What this task involves:
What is needed is an exact repetition of the lines below, from the first one through the one holding "Hochzeitsmenü Rackkarten Vorlagen", with no pictures and nothing else.

(Provided data)

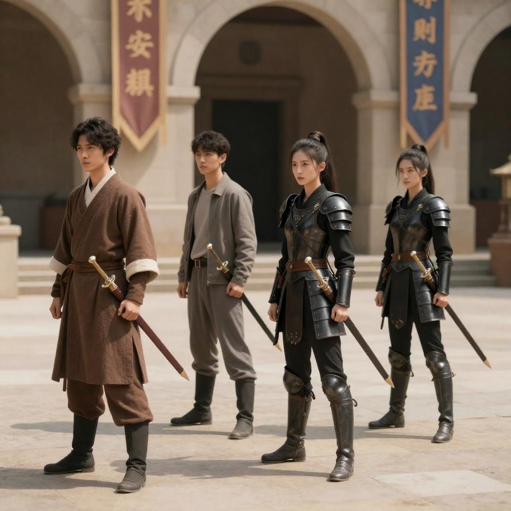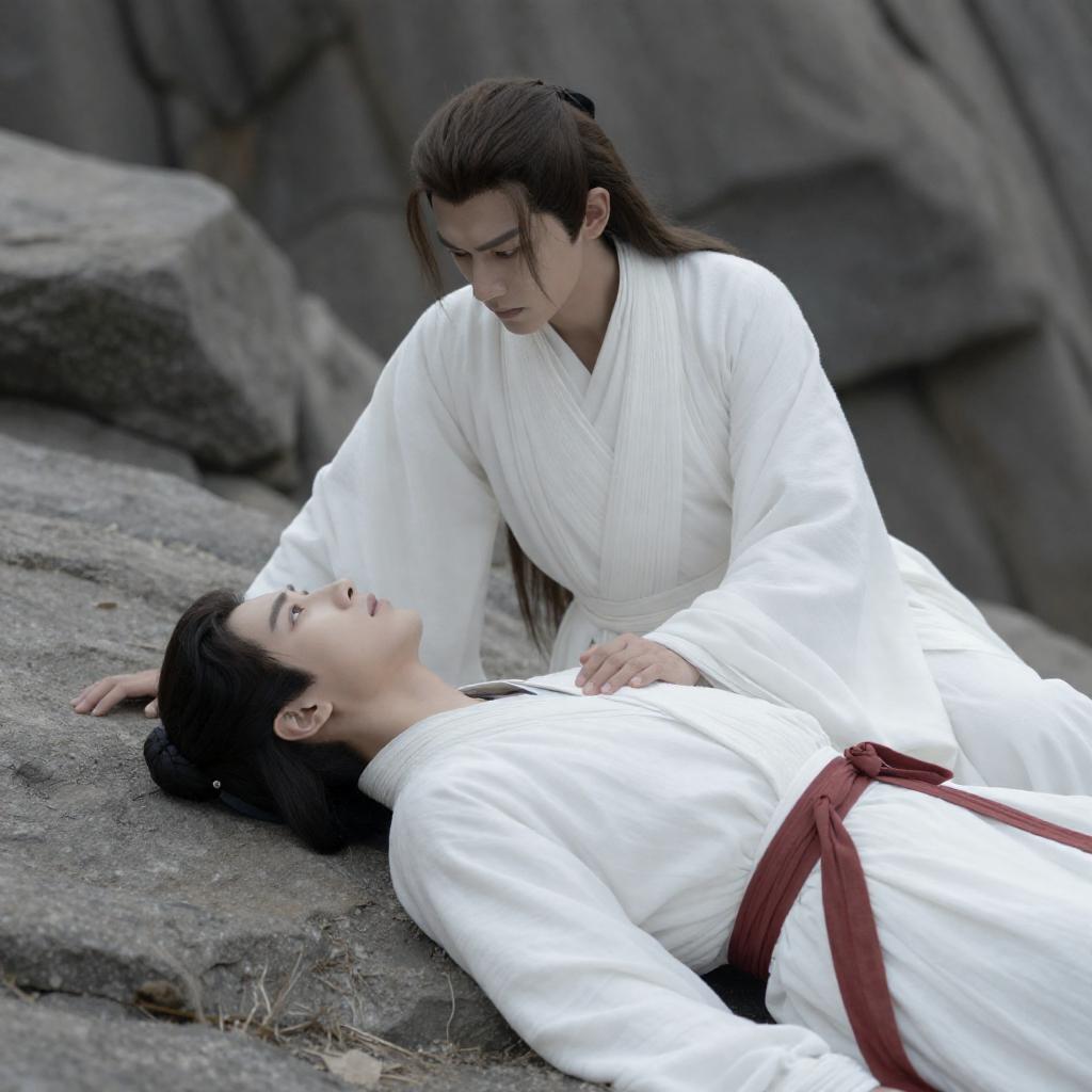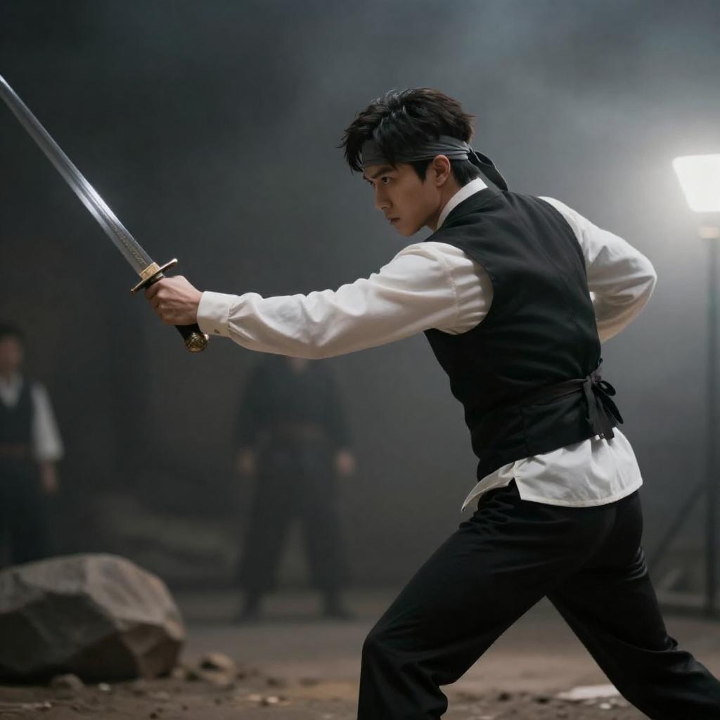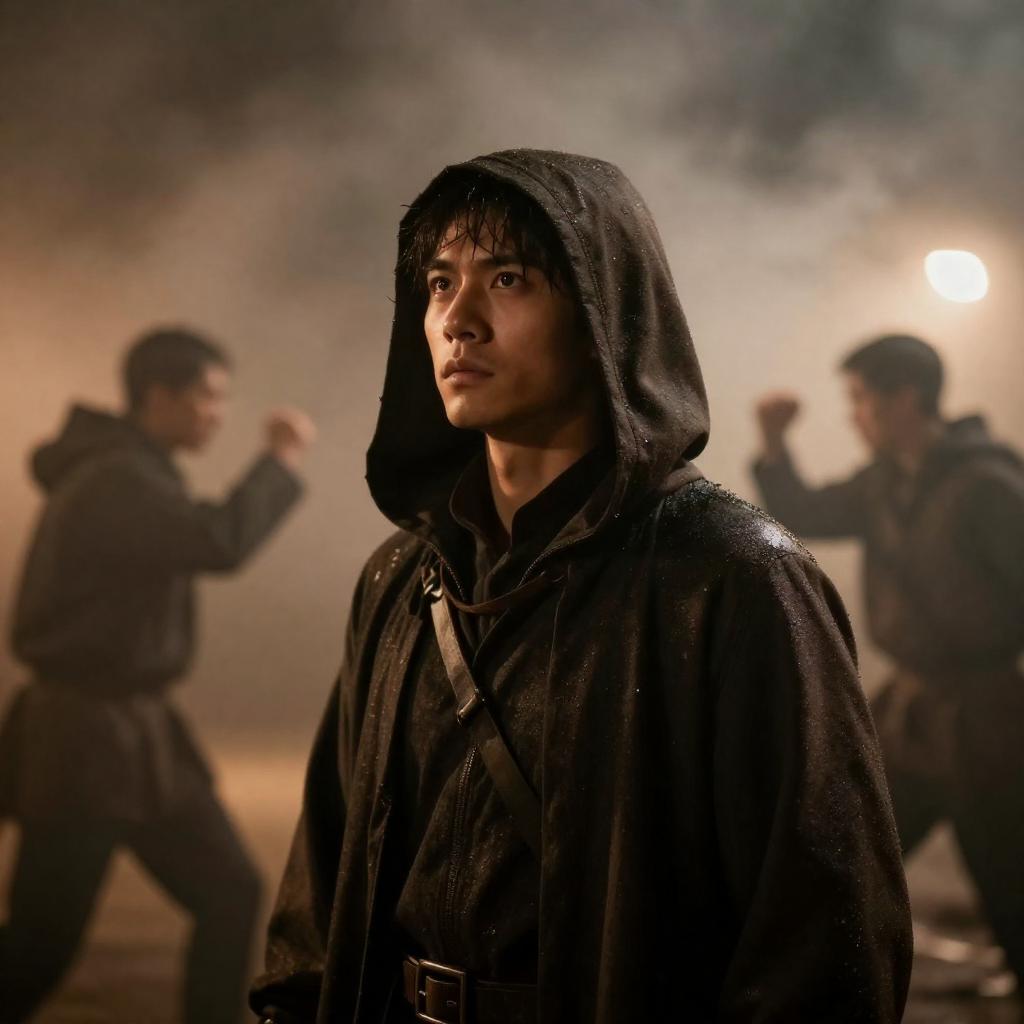 Photograph of two men facing each other in a dramatic, red-lit setting. The bald man on the left wears black, shiny armor with a red cape and holds a spiked staff. The man on the right has dark hair, wears a black outfit, and gazes intently at the armored man. The background features abstract, glowing red patterns.
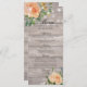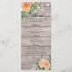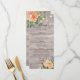 Hochzeitsmenü Rackkarten Vorlagen - Elegantes Script mit Peach White Roses Floral und String Lights auf rustikalem Holzhintergrund. Ein perfektes Design für Ihren großen Tag! Alle Textstile, Farben, Größen können an Ihre Bedürfnisse angepasst werden.
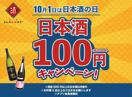 【40種全品¥100(税込¥110)】10月1日『日本酒の日』キャンペーンを開催!
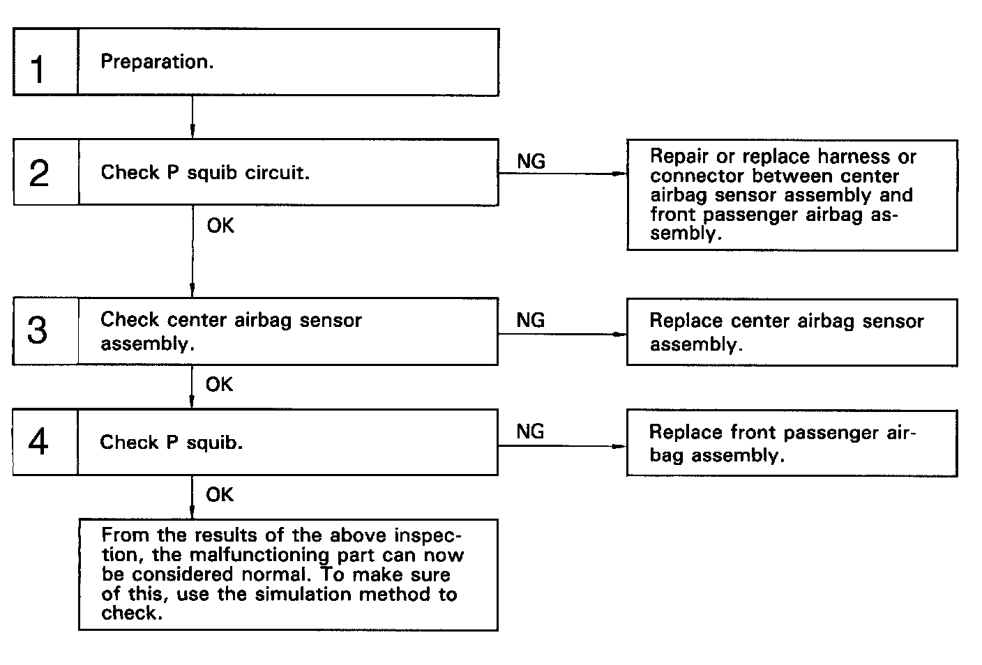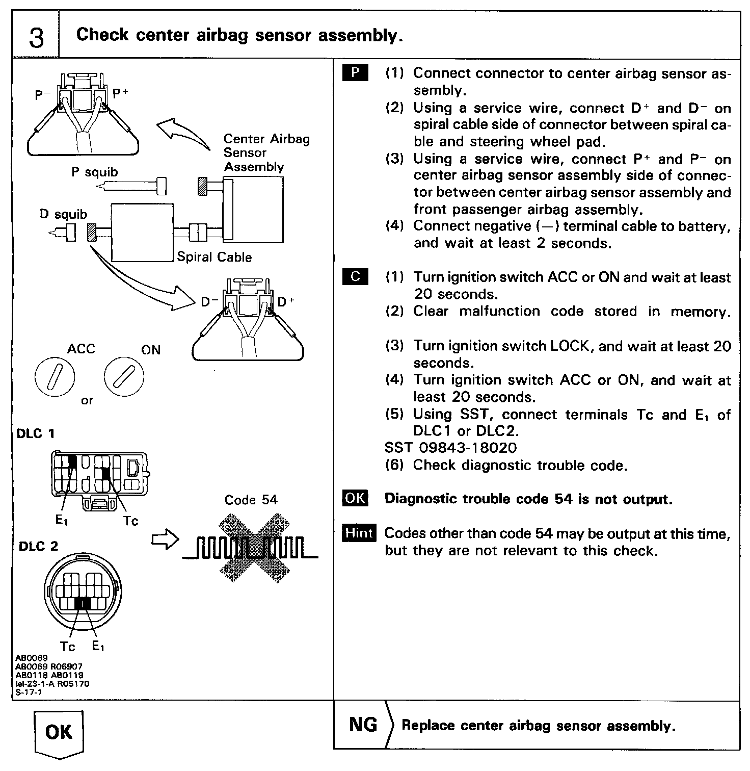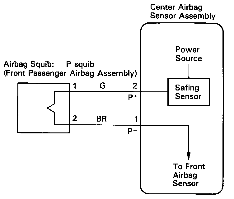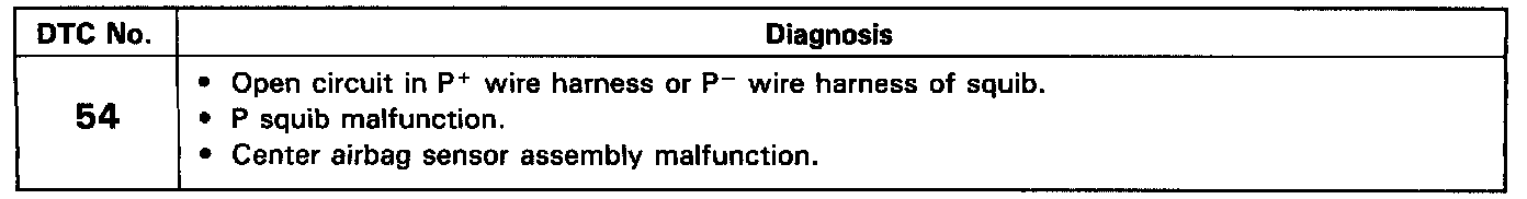 The P squib circuit consists of the center airbag sensor assembly and front passenger airbag assembly (squib). It causes the airbag to deploy when the airbag deployment conditions are satisfied. Diagnostic trouble code 54 is recorded when an open is detected in the P squib circuit.

(End Provided data)

Written reply:
 Photograph of two men facing each other in a dramatic, red-lit setting. The bald man on the left wears black, shiny armor with a red cape and holds a spiked staff. The man on the right has dark hair, wears a black outfit, and gazes intently at the armored man. The background features abstract, glowing red patterns.
 Hochzeitsmenü Rackkarten Vorlagen - Elegantes Script mit Peach White Roses Floral und String Lights auf rustikalem Holzhintergrund. Ein perfektes Design für Ihren großen Tag! Alle Textstile, Farben, Größen können an Ihre Bedürfnisse angepasst werden.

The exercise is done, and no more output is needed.